Wave Wire Services
LOS ANGELES — Rallies and marches were held in downtown Los Angeles, Little Tokyo and Boyle Heights to mark International Workers Day, also known as May Day, continuing a tradition dating back to the 19th century.
The day’s largest event was that began at Olympic Boulevard and Broadway in downtown Los Angeles and proceeded to Pershing Square and then Grand Park in front of City Hall.
The theme of the march was “Solidarity is Power: Right to Citizenship, Right to Unionize, Right to Strike, & Right to Housing.”
The march was organized by the Los Angeles May Day Coalition, which includes the Los Angeles County Federation of Labor, United Teachers Los Angeles, the Service Employees International Union, IATSE Local 839, the National Union of Healthcare Workers, Coalition for Humane Immigrant Rights, Communist Party USA and Democratic Socialists of America-Los Angeles.
A demonstration at First Street and Central Avenue in Little Tokyo called for “No U.S. NATO war with Russia, stop U.S. threats against China and no World War 3,’” according to its organizer, Revolution Club LA.
The eighth annual May Day Boyle Heights began with a rally at the intersection of Mathews Street and Cesar Chavez Avenue followed by a march to the Mariachi Plaza at Boyle Avenue and First Street, which included a stop at the Hollenbeck Community Police Station where a protest of police shootings was held. Speakers included Josefina Rizo, whose 16-year-old son Jose Mendez was fatally shot by Los Angeles Police Department officers in 2016.

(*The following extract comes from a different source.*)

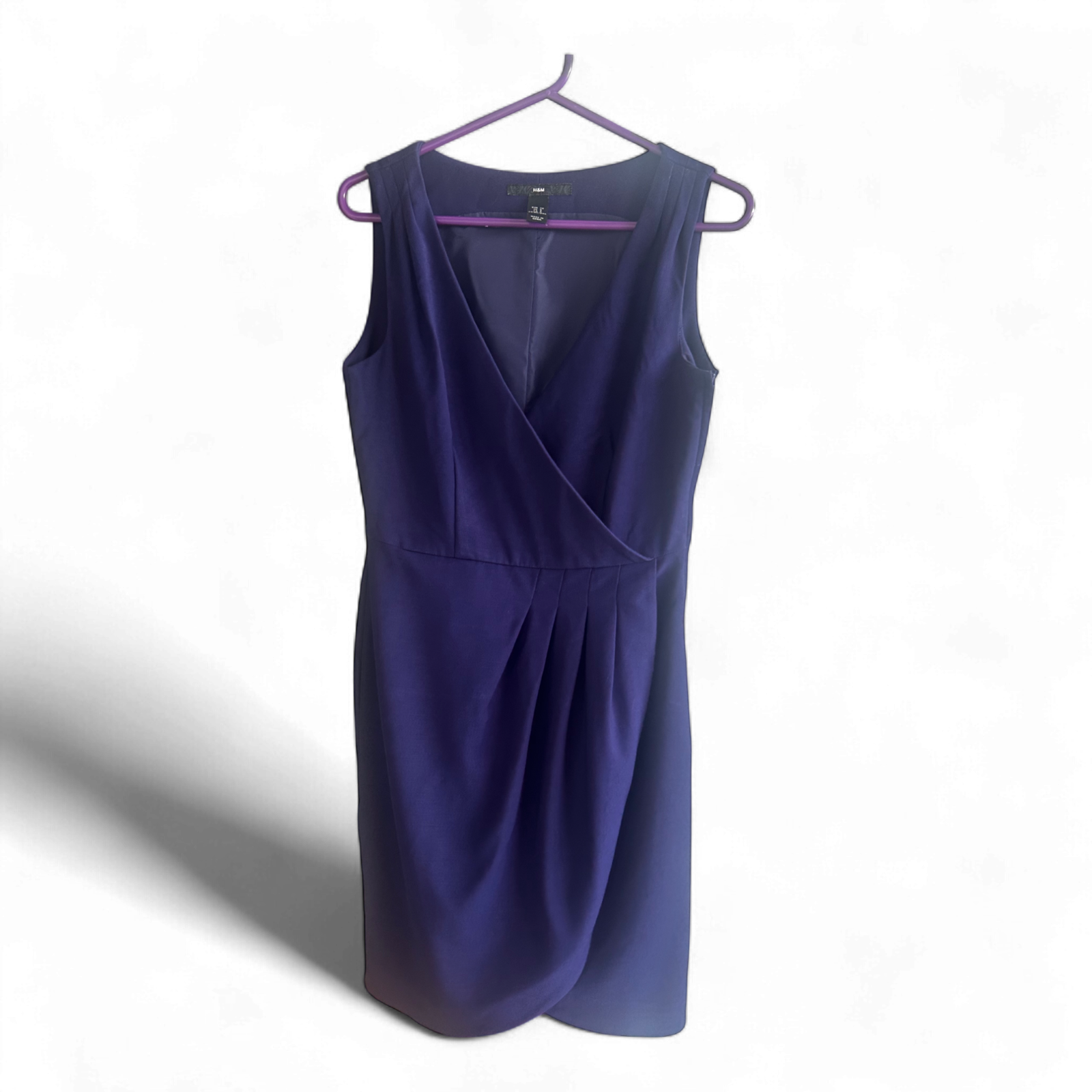 H&M Kleid Damen Dress Damenkleid Gr. 36 Violett Etui Ärmellos Wickeloptik Elegant

Police said Mendez was driving a stolen vehicle and pointed a shotgun at them. In 2017, the Police Commission ruled in the shooting was justified and the Los Angeles County District Attorney’s Office review of the shooting found that Officers Josue Merida and Jeremy Wagner used reasonable force in self-defense and the defense of others.
May Day Boyle Heights was organized by Centro CSO, whose May Day demands include legalization for everyone who has entered the United States without authorization, protecting public education and community control over the Los Angeles County Sheriff’s Department.
Labor groups have conducted rallies and protests on May 1 since 1890, originally commemorating the anniversary of the Haymarket affair on May 4, 1886, when what began as a peaceful rally in Chicago’s Haymarket Square in support of workers striking for an eight-hour work day ended with an unknown person throwing a dynamite bomb at police as they acted to disperse the meeting, with the bomb blast and ensuing gunfire resulting in the deaths of seven police officers and at least four civilians.
Eight anarchists were convicted of conspiracy in a trial their supporters called unfair and a serious miscarriage of justice. Seven were sentenced to death and one to a term of 15 years in prison. Illinois Gov. Richard J. Oglesby commuted two of the sentences to terms of life in prison while another committed suicide in jail before his scheduled execution.
The other four were hanged on Nov. 11, 1887.
Illinois Gov. John Peter Altgeld pardoned the remaining defendants in 1893 and criticized the trial.